Ergonomic Design of Working Time Models

Open Access
Conference Proceedings
Authors: Patricia StockBarbara Deml

Abstract: Enterprises in high-wage countries are facing an increasing shortage of skilled workers due to demographic change. In coping with this problem, companies are forced to provide incentives that help them recruit and retain qualified staff. As a result, enterprises have to deal with increasing wages, which means that the employment of staff must be highly efficient in order to avoid idle times of the personnel. At the same time, the working conditions have to be designed ergonomically in order to preserve the work ability of the employees. Altogether, the enterprise is forced to create good working conditions in order to find employees and bind them to the enterprise. The design of employee-oriented and ergonomic working time models is an important prerequisite for mastering this challenge. Commercial software usually compares a working time model with the existing legal regulations as well with ergonomic recommendations in order to provide an ergonomic evaluation. Capacity requirements are taken into account only statically. However, capacity requirements usually are subject to several dynamic influences resulting from stochastic operation times, stochastic intermediate arrival times of orders or customers.

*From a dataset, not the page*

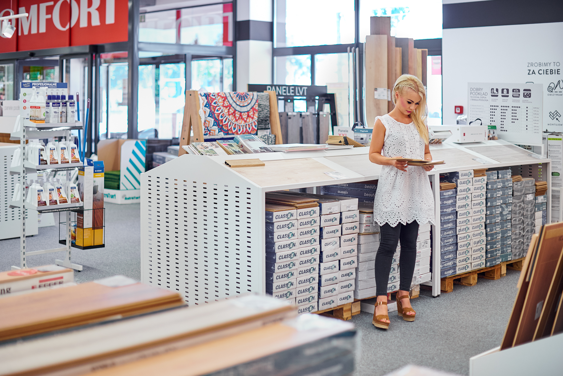 Jak widzicie na zdjęciach powyżej – odpowiednio zaaranżowane podłogi nadają każdemu z wnętrz znaczący ton i charakter. Zatem warto dokładnie przemyśleć swój wybór jeszcze przed zakupem. Jeśli oglądaliście moją metamorfozę gabinetu, to wiecie już z video, że salony KOMFORT, umożliwiają zabranie próbników do domu w celu weryfikacji czy dany kolor wygląda tak samo w naszym wnętrzu jak prezentuje się w salonie.

This makes it more difficult to adjust the available capacity to stochastic capacity requirements. With the help of a discrete-event simulation, various working time models can be compared in a specific case of application and assessed in quantitative terms. This paper discusses the situation of enterprises in high-wage countries and the resulting need for the ergonomic design of working times. Then, the paper presents the OSim-GAM simulator developed by the Institute of Human and Industrial Engineering (ifab) of the Karlsruhe Institute of Technology for the ergonomic design of working time models. The OSim-GAM assessment concept for working time models is presented and its use is illustrated within the framework of a case study.